━━ Given records ━━

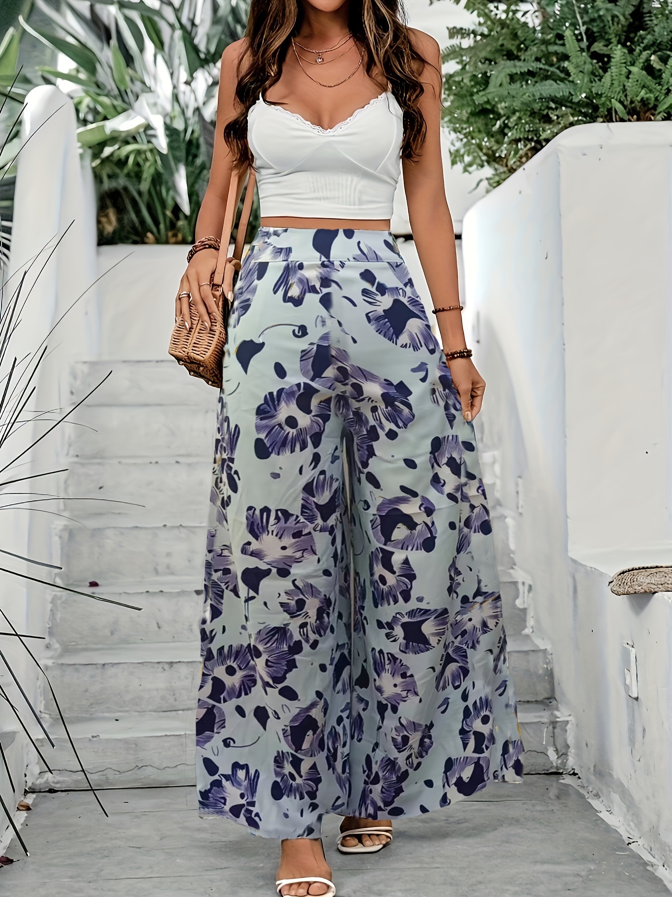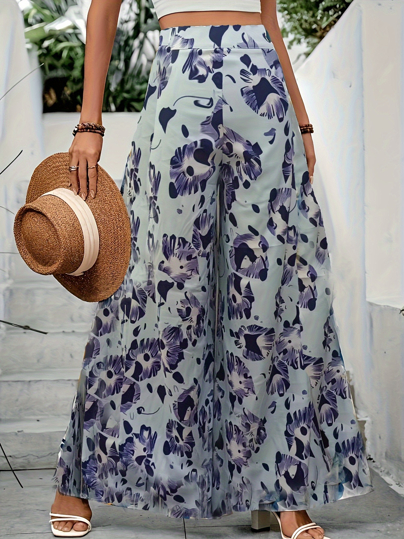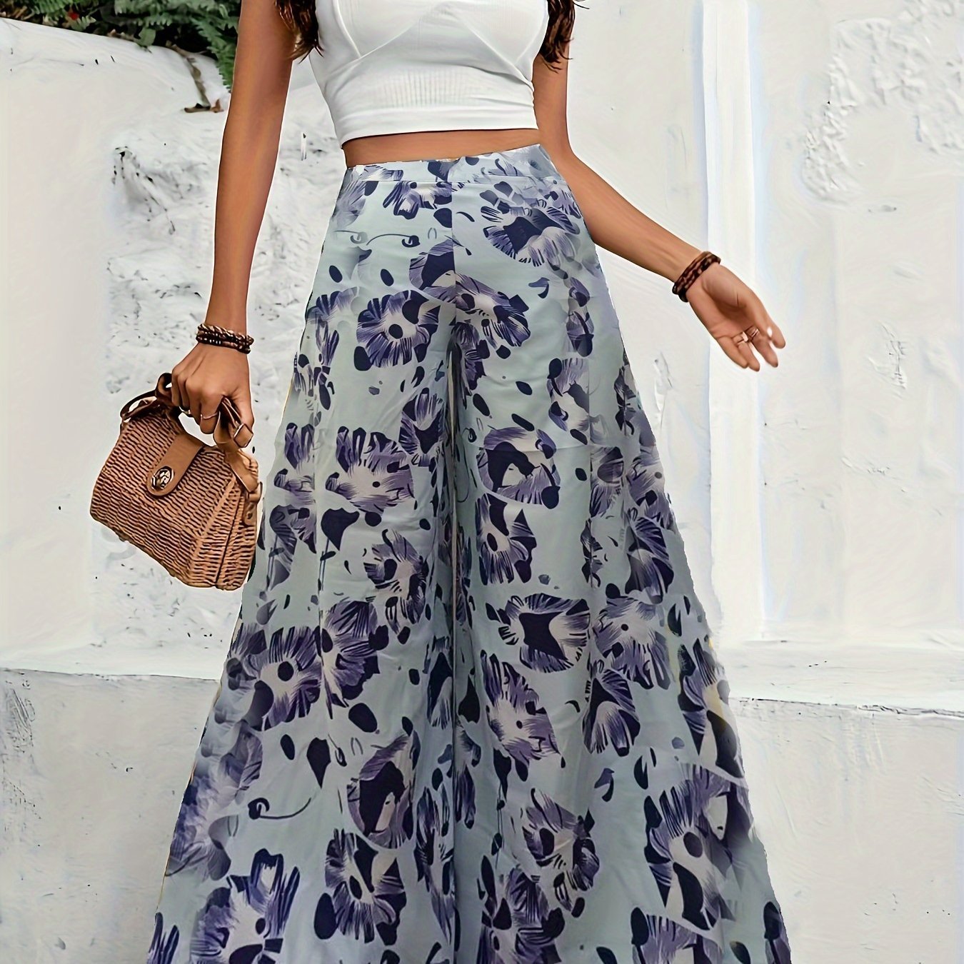 Allover Print Wide Leg Pants, Casual Loose Pants For Spring & Summer, Women's Clothing
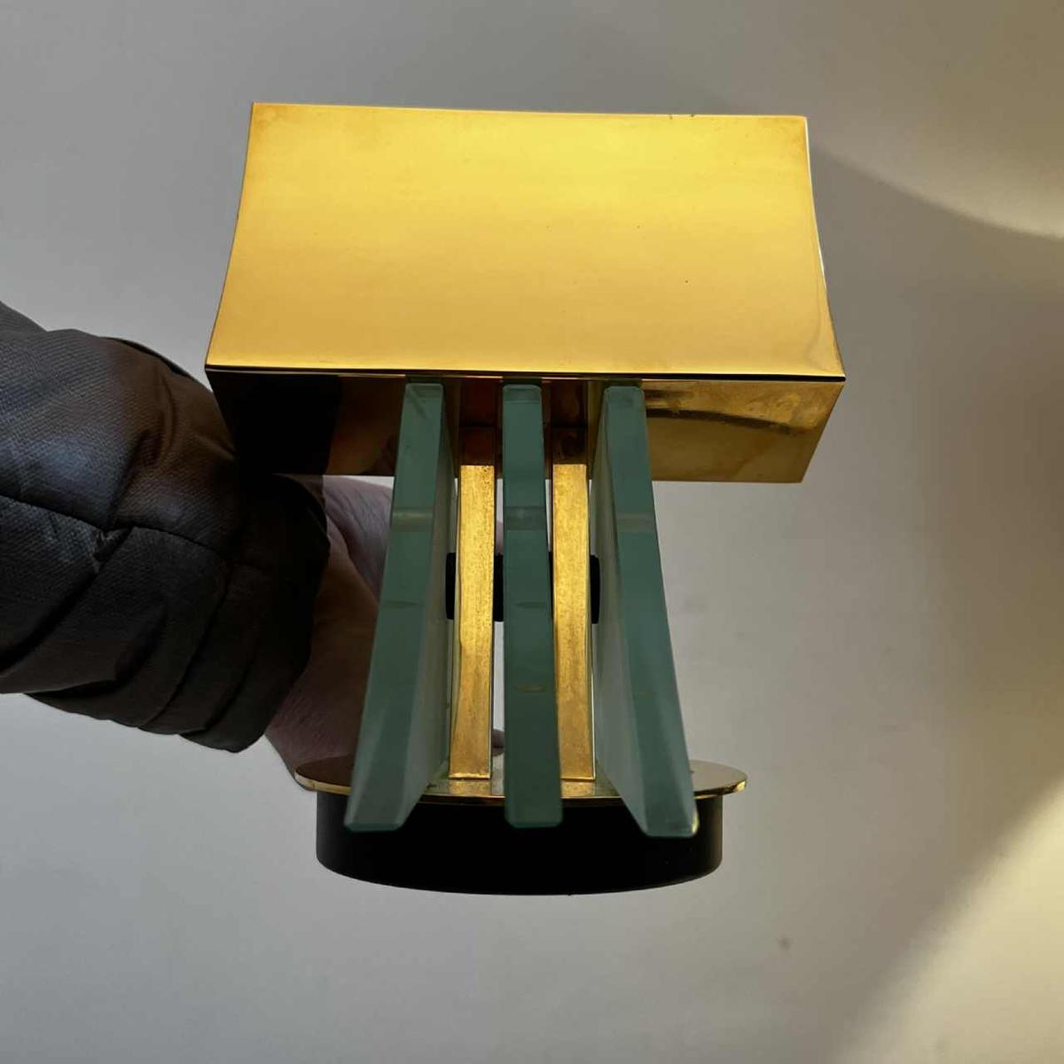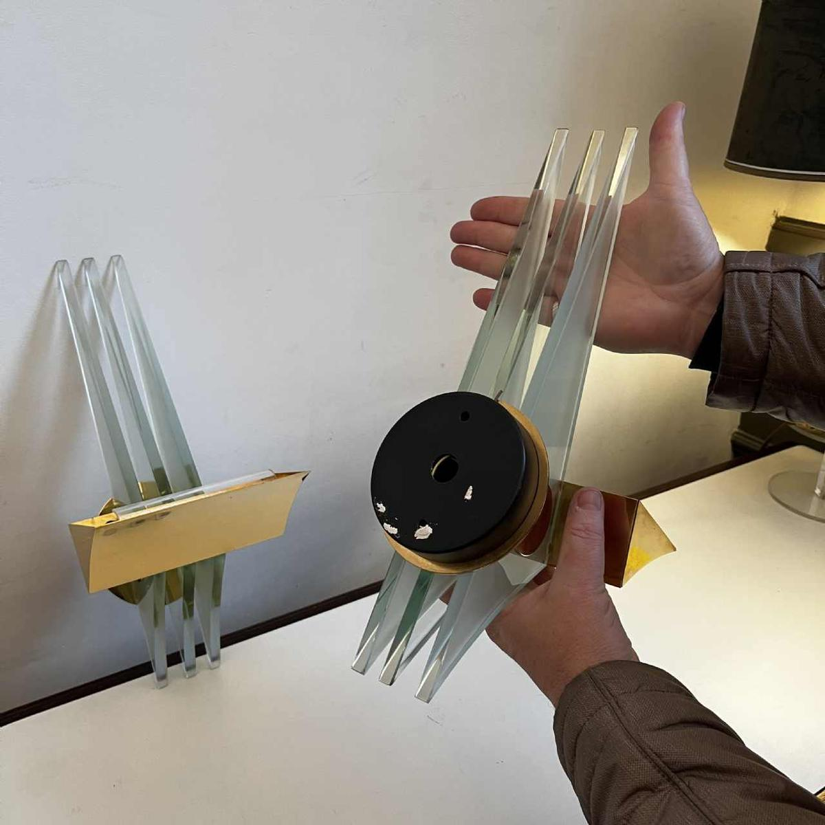 This form is only used to notify us of illegal content on product: Paar Hollywood Regency wandlampen, verguld messing voet en reflectoren, dikke glazen panelen, ca 1970.
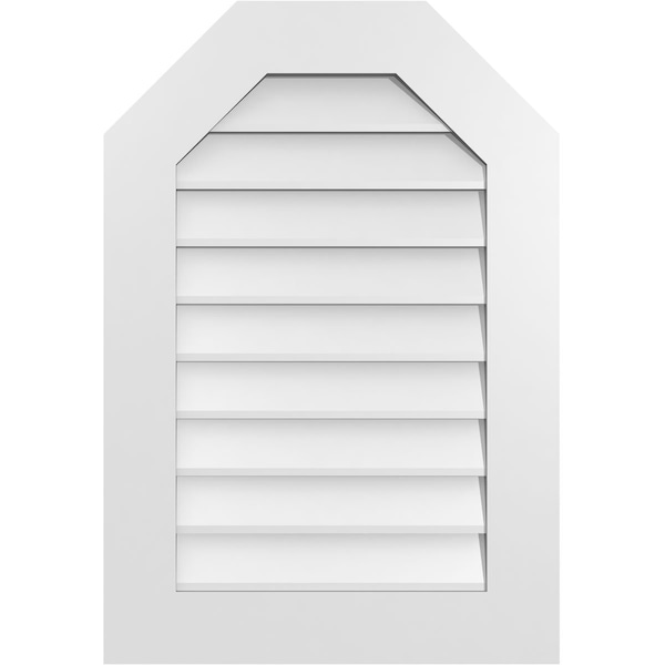 Octagonal Top Surface Mount PVC Gable Vent w/ 3-1/2"W x 1"P Standard Frame, 22"W x 32"H
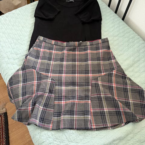 Ukjent merke skjørt grå ull rutemønster dame str. 38
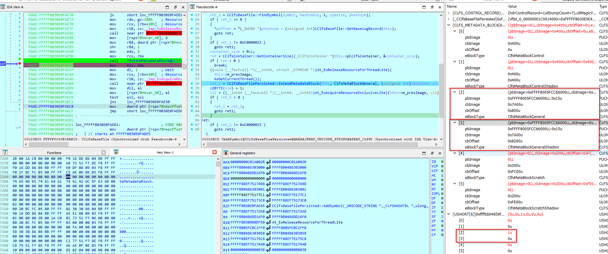 In the previous article, we discussed a vulnerability in the LoadContainerQ() function inside clfs.sys. The root cause of the vulnerability was LoadContainerQ() using a CLFS_CONTAINER_CONTEXT.pContainer without checking if FlushImage() invalidated the General Metadata Block.
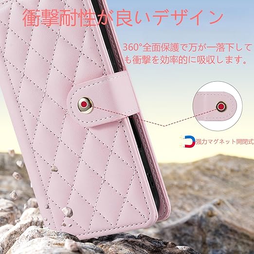 対応Sony Xperia 1 VII ケース 手帳型 【Vokpok】おしゃれ高級PUレザーとメタル金具マグネット開閉式 エクスペリア 1 VII 財布型ケース カード収納機能 スタンド機能 耐衝撃Xperia 1 vii SO-51F/XQ-FS44/SOG15 スマホケース キルティグレザー調おしゃれ小香風人気上品な シンプル気質 エクスペリア 1 vii 対応 6.5", ピンク a
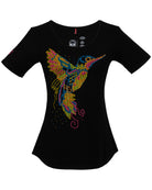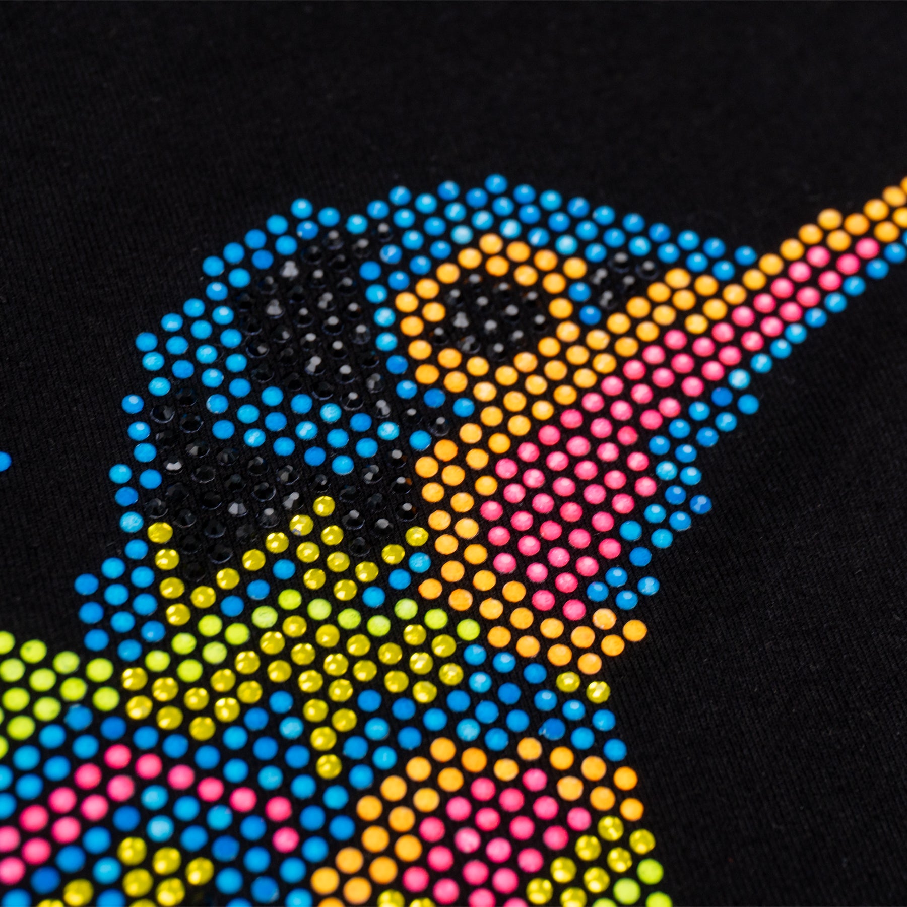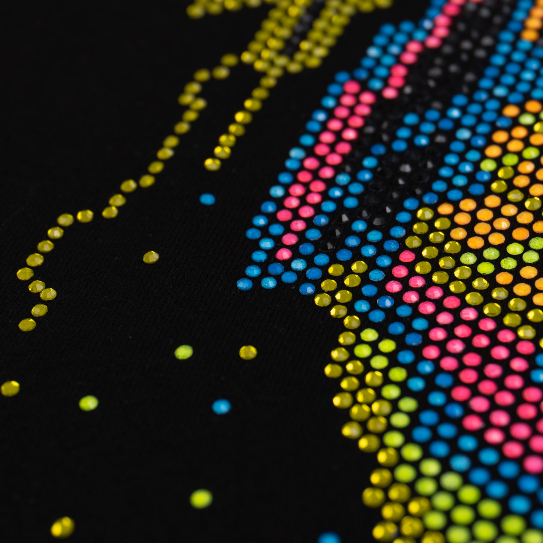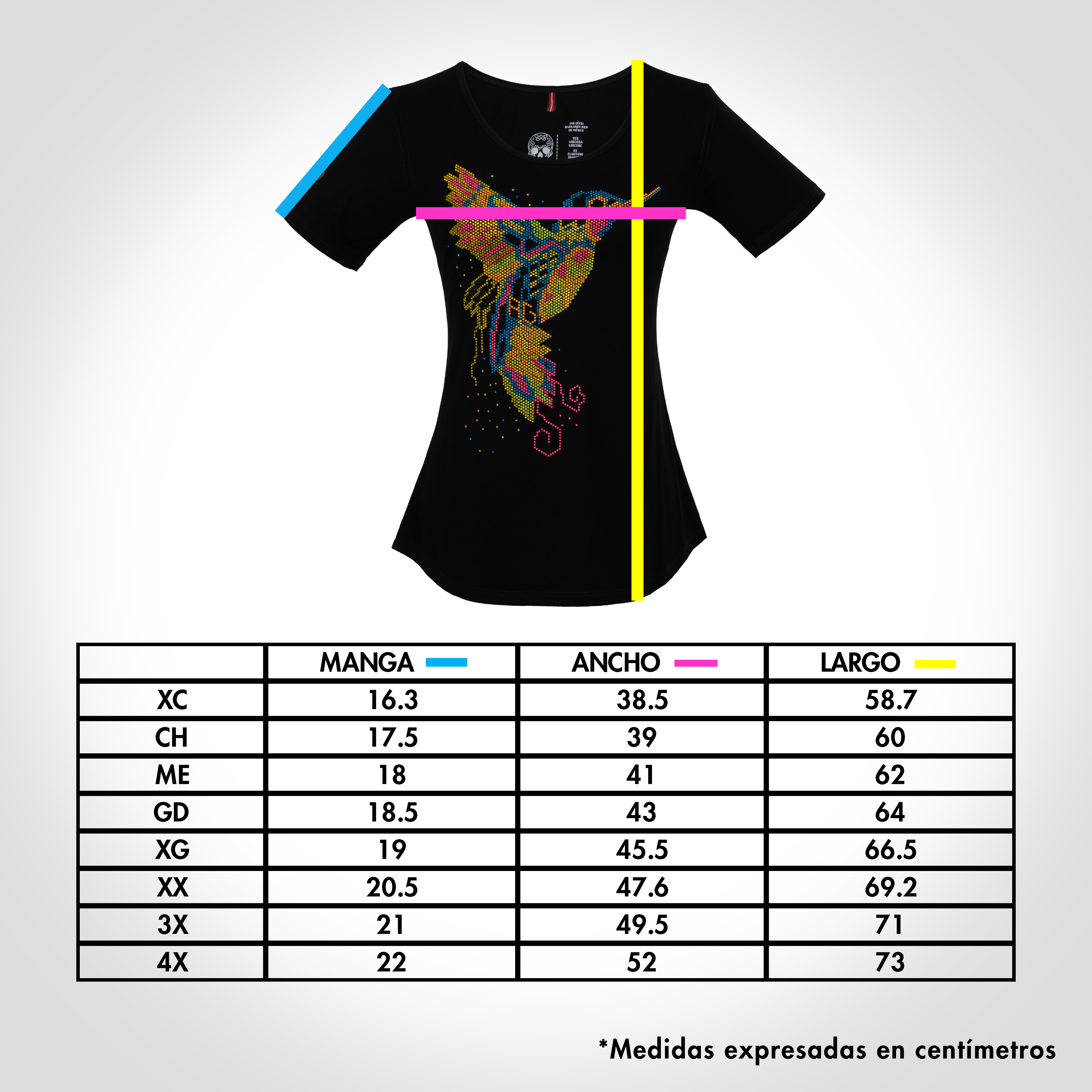 Pajaritos a volar, playera de dama que es una explosión de color y alegría. Su base curva acentúa tu figura, mientras que las mangas cortas te brindan comodidad y frescura. Cada centímetro del estampado está adornado con pedrería de neón que brilla intensamente, convirtiéndote en el centro de atención.

━━━

_Task to carry out_
Only an exact copy belongs in the answer: the lines from the one containing "This form is" through the end of the records, both ends included, minus the pictures.

_Result_
 This form is only used to notify us of illegal content on product: Paar Hollywood Regency wandlampen, verguld messing voet en reflectoren, dikke glazen panelen, ca 1970.
 Octagonal Top Surface Mount PVC Gable Vent w/ 3-1/2"W x 1"P Standard Frame, 22"W x 32"H
 Ukjent merke skjørt grå ull rutemønster dame str. 38
 In the previous article, we discussed a vulnerability in the LoadContainerQ() function inside clfs.sys. The root cause of the vulnerability was LoadContainerQ() using a CLFS_CONTAINER_CONTEXT.pContainer without checking if FlushImage() invalidated the General Metadata Block.
 対応Sony Xperia 1 VII ケース 手帳型 【Vokpok】おしゃれ高級PUレザーとメタル金具マグネット開閉式 エクスペリア 1 VII 財布型ケース カード収納機能 スタンド機能 耐衝撃Xperia 1 vii SO-51F/XQ-FS44/SOG15 スマホケース キルティグレザー調おしゃれ小香風人気上品な シンプル気質 エクスペリア 1 vii 対応 6.5", ピンク a
 Pajaritos a volar, playera de dama que es una explosión de color y alegría. Su base curva acentúa tu figura, mientras que las mangas cortas te brindan comodidad y frescura. Cada centímetro del estampado está adornado con pedrería de neón que brilla intensamente, convirtiéndote en el centro de atención.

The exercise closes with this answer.